A software for converting ASAPseq FASTQs to count matrices

Project description

countASAP

An easy to use python-based package for generating ASAPseq Count Matrices from FASTQ files

Quick Start

The countASAP package can be installed either by downloading this repository and running the scripts in the countASAP directory, or by installing the script directly to your command line using:

pip install countASAP

From there, the script can be called by defining, at minimum, 2 FASTQ paths, 1 cell ID whitelist path, and 1 ASAPseq barcode path:

countASAP -cr MYPATH/asapR2.FASTQ -br MYPATH/asapR3.FASTQ -wl MYPATH/atac_proc.h5ad -ref MYPATH/asapSeq_barcodes.csv

Of course, replacing MYPATH with the path to each of these files on your machine. If you run into issues, please check out the "important assumptions" listed below.

If you don't have your own ASAPseq barcode file or example whitelist, or need to identify the precise formatting used by countASAP, you can call:

pullEXs

To copy a directory of example inputs into your current directory.

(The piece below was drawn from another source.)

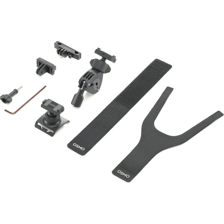 The Osmo Action Road Cycling Accessory Kit from DJI equips you with everything needed to capture stable, creative footage while road cycling, mountain biking, or trail riding. Designed for use with the Osmo Action 3 and Action 4, this kit includes a Bike Seat Rail Mount, Mini Handlebar Mount, and 360° Wrist Strap, along with a Quick Release Adapter Mount and locking screw for fast, secure setup. Each accessory uses a standard 3-prong mount, allowing flexible positioning for front-facing, rear-facing, or POV shots. Built from durable aluminum alloy and designed for active use, this kit gives cyclists multiple mounting options to capture every angle of their ride with confidence.

You can also run an instance of countASAP for CITEseq analysis:

countASAP -cr MYPATH/citeR1.fastq -br MYPATH/citeR2.fastq -wl MYPATH/d101_barcodes.csv -ref MYPATH/citeSeq_codes.csv -awl False --assay CITE

When publishing analysis using this software, please cite:

Boughter CT, Chatterjee B, Singh NJ, Meier-Schellersheim M. CountASAP: A Lightweight, Easy to Use Python Package for Processing ASAPseq Data. BioRxiv 2024

Important Assumptions

As of this first version of the software (v0.1) formatting is unfortunately quite rigid, and makes a number of assumptions. However, we will be quick to respond to issues raised calling for additional functionality. Further, given the lightweight nature of the main script, computationally inclined users can likely manually edit some of these more strict requirements.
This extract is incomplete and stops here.